(Dataset records)
-----
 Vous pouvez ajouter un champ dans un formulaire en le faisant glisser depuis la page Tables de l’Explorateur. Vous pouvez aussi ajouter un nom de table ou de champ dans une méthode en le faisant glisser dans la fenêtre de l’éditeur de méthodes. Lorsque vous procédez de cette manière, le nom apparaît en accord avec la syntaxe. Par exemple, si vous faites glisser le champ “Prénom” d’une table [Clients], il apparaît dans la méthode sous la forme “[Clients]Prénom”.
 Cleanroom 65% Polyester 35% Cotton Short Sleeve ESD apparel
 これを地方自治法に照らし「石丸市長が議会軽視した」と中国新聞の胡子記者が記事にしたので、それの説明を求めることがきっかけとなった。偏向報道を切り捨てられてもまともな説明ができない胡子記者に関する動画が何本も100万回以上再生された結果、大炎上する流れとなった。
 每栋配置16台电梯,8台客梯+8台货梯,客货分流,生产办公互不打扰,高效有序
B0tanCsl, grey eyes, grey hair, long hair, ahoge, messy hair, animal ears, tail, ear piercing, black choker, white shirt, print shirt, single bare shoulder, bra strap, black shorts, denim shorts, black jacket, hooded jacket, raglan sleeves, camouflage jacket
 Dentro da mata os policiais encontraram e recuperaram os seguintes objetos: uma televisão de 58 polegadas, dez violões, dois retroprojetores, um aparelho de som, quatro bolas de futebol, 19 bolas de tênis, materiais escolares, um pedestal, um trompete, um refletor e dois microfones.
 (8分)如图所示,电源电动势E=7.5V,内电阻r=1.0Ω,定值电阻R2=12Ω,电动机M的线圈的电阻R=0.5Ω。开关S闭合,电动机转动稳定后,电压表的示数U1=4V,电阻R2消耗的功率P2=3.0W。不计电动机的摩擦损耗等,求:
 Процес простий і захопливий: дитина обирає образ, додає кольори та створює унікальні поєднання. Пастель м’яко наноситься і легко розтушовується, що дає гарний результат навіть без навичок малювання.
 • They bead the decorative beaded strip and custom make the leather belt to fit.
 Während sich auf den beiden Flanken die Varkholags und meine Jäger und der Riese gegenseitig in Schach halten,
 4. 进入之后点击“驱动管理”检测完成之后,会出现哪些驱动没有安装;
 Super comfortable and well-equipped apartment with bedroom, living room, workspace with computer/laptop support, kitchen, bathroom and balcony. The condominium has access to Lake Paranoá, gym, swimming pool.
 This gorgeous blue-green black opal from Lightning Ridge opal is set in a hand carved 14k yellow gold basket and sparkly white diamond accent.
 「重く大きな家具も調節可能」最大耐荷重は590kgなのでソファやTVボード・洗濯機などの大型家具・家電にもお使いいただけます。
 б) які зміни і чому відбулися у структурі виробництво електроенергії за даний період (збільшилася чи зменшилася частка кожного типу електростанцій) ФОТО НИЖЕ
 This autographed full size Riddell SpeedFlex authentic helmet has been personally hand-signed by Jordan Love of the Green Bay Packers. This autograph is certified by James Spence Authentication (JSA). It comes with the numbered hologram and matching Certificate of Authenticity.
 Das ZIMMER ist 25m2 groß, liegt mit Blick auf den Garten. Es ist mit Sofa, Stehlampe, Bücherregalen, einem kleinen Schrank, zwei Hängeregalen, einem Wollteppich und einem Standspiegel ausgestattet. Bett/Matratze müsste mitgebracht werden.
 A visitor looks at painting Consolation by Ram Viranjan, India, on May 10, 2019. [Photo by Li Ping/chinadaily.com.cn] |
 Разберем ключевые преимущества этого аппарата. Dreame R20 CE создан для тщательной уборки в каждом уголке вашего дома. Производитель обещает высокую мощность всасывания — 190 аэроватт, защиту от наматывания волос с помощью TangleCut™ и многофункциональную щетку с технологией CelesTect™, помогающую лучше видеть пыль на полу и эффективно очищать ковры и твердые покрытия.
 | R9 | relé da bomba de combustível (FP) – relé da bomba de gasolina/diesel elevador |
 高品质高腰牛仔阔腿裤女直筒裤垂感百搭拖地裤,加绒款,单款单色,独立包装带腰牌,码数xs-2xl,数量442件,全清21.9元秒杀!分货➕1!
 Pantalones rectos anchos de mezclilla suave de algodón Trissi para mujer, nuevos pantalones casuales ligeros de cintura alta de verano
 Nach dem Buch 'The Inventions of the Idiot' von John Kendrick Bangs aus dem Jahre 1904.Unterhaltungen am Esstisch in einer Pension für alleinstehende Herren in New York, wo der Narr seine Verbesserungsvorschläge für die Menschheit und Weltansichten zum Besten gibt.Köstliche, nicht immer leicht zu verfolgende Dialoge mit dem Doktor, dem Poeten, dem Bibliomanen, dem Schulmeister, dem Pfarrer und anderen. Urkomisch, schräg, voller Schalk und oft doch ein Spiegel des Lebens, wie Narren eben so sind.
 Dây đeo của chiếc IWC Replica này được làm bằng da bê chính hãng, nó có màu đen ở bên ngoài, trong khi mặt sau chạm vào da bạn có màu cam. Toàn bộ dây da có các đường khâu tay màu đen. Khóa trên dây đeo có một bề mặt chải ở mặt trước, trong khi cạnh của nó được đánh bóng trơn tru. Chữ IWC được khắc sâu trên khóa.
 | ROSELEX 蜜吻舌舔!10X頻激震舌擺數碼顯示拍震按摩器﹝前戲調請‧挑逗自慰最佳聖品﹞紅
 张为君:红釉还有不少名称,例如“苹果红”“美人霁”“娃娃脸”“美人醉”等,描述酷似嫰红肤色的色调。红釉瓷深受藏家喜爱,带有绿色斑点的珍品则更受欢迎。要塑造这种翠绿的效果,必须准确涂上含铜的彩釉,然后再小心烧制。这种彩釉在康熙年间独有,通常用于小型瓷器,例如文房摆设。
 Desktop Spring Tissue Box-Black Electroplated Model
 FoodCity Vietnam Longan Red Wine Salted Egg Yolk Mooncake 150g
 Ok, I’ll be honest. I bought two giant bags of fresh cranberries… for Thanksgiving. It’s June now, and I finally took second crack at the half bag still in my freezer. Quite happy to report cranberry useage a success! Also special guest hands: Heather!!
-----
Task to carry out: The answer is each line from the entries above in which the word "with" occurs.

Answer for the task:
 Super comfortable and well-equipped apartment with bedroom, living room, workspace with computer/laptop support, kitchen, bathroom and balcony. The condominium has access to Lake Paranoá, gym, swimming pool.
 This autographed full size Riddell SpeedFlex authentic helmet has been personally hand-signed by Jordan Love of the Green Bay Packers. This autograph is certified by James Spence Authentication (JSA). It comes with the numbered hologram and matching Certificate of Authenticity.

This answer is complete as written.